-------- Data shown

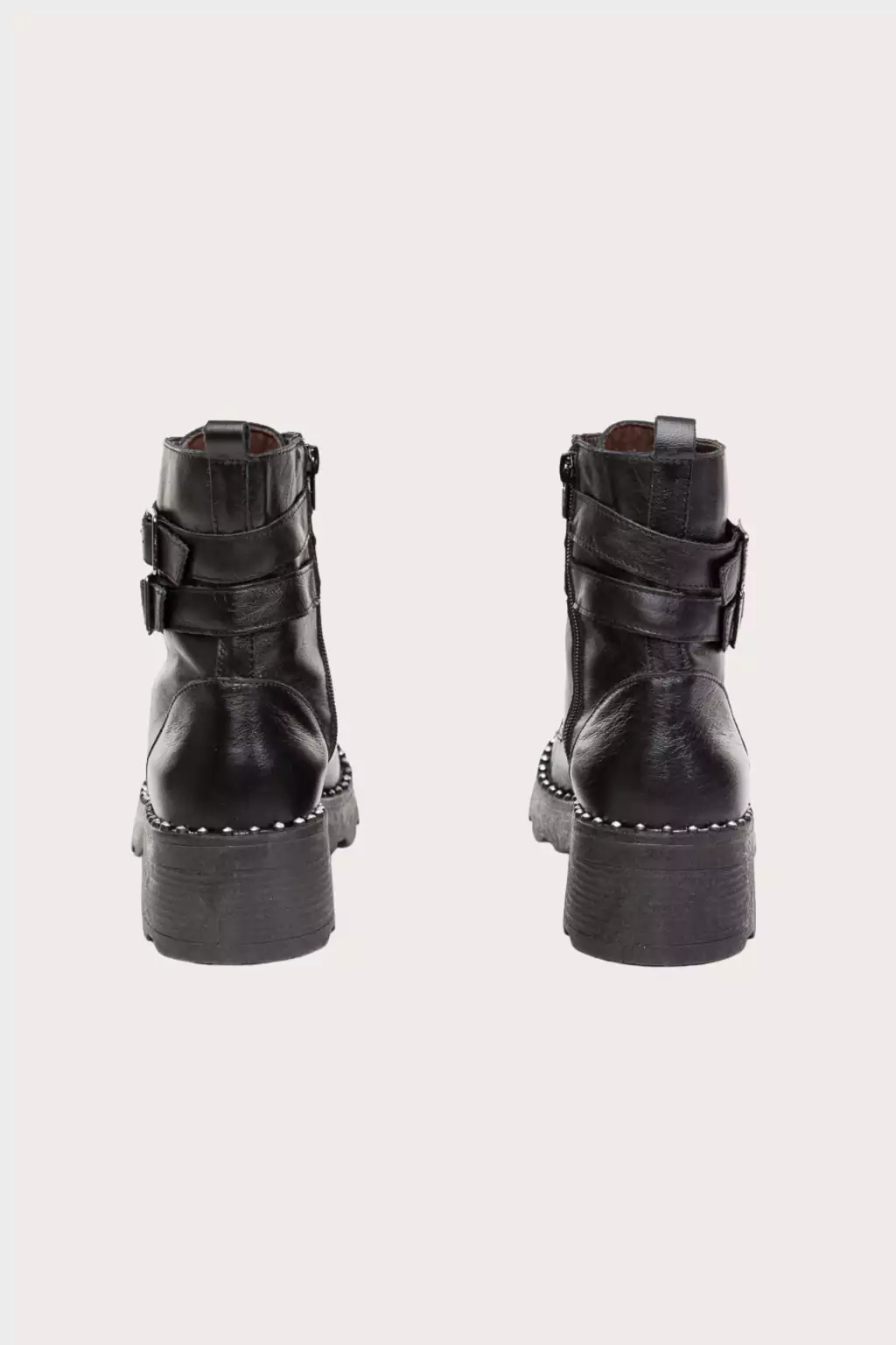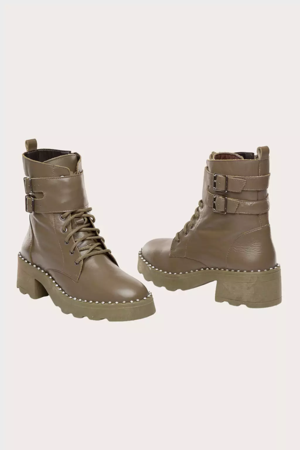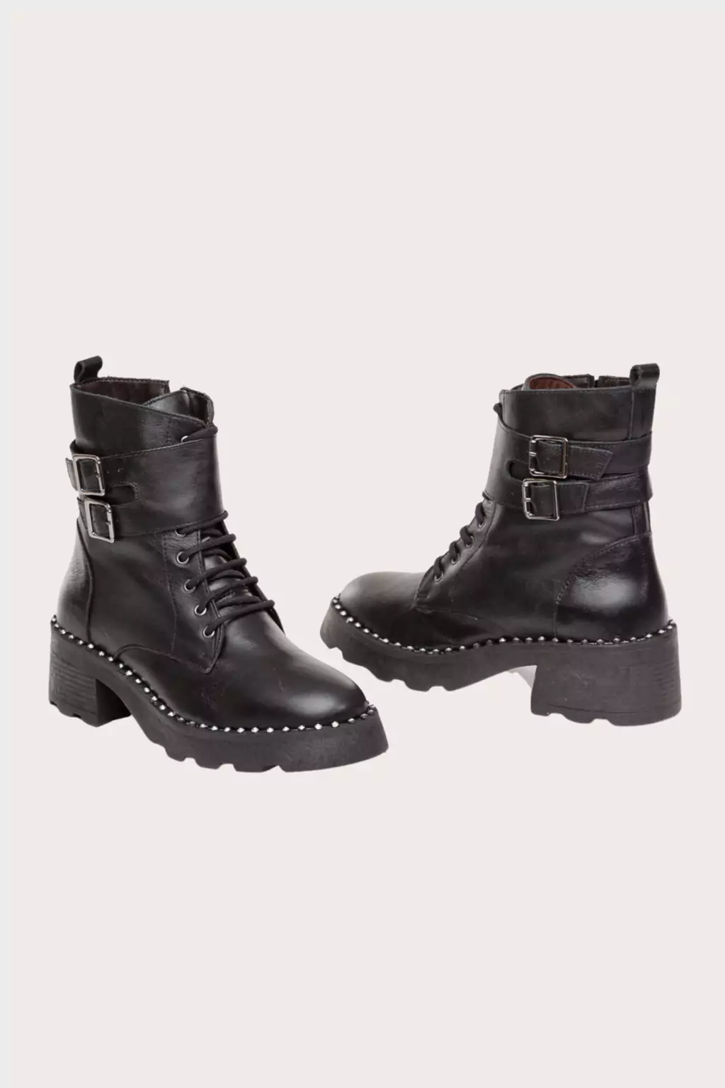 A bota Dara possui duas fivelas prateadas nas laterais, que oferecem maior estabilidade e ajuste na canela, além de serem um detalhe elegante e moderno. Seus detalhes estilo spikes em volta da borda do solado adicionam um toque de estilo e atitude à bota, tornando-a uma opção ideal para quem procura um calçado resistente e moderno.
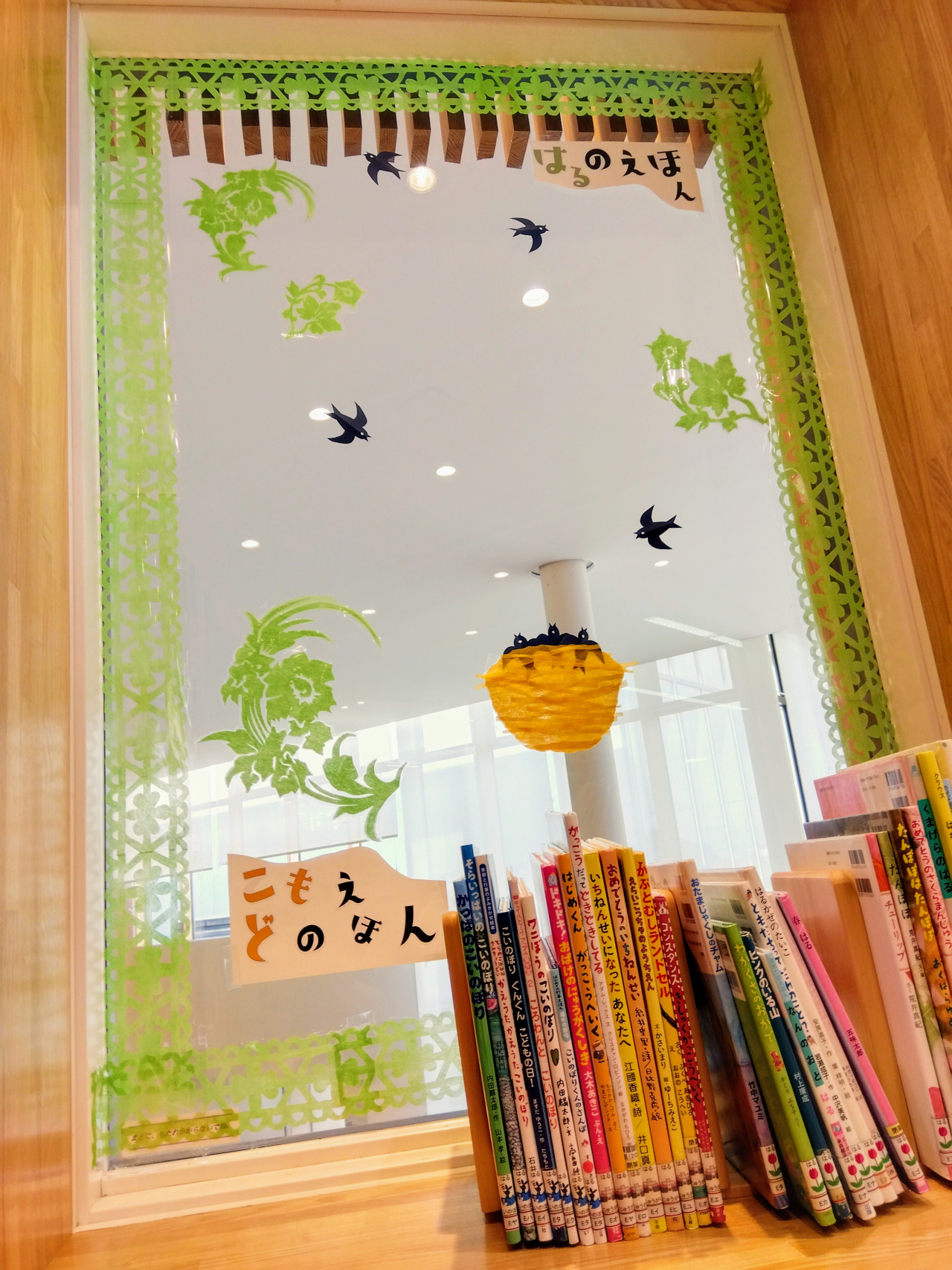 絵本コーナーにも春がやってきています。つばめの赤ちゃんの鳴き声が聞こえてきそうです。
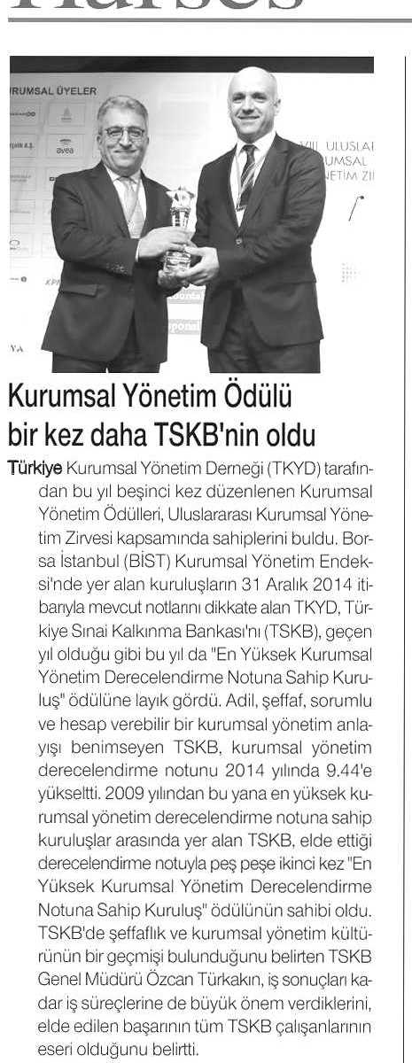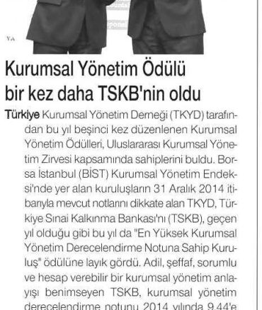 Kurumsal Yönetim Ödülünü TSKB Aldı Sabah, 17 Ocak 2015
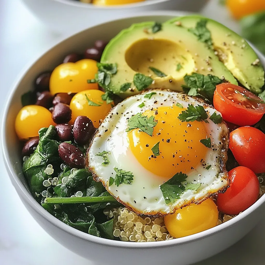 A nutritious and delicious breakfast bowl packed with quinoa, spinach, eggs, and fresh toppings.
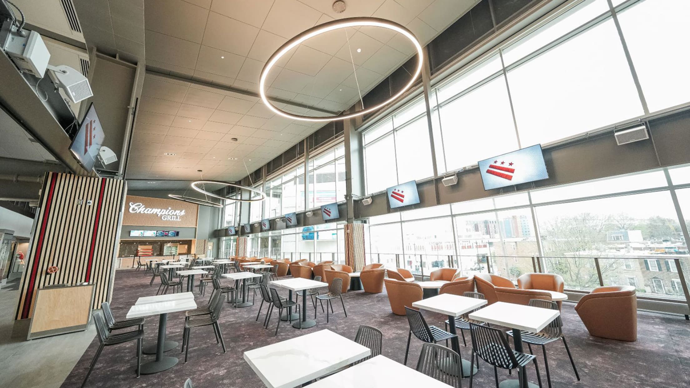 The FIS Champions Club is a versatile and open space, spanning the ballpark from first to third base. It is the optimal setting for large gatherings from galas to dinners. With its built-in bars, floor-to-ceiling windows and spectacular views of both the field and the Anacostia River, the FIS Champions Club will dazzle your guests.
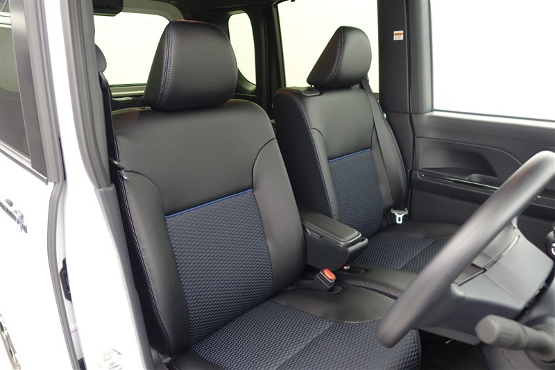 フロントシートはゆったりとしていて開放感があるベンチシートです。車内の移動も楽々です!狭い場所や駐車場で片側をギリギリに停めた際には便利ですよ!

----------------

Each entry above must be restated word for word; the pictures stay out of the copy.

[Solution to the problem]
 A bota Dara possui duas fivelas prateadas nas laterais, que oferecem maior estabilidade e ajuste na canela, além de serem um detalhe elegante e moderno. Seus detalhes estilo spikes em volta da borda do solado adicionam um toque de estilo e atitude à bota, tornando-a uma opção ideal para quem procura um calçado resistente e moderno.
 絵本コーナーにも春がやってきています。つばめの赤ちゃんの鳴き声が聞こえてきそうです。
 Kurumsal Yönetim Ödülünü TSKB Aldı Sabah, 17 Ocak 2015
 A nutritious and delicious breakfast bowl packed with quinoa, spinach, eggs, and fresh toppings.
 The FIS Champions Club is a versatile and open space, spanning the ballpark from first to third base. It is the optimal setting for large gatherings from galas to dinners. With its built-in bars, floor-to-ceiling windows and spectacular views of both the field and the Anacostia River, the FIS Champions Club will dazzle your guests.
 フロントシートはゆったりとしていて開放感があるベンチシートです。車内の移動も楽々です!狭い場所や駐車場で片側をギリギリに停めた際には便利ですよ!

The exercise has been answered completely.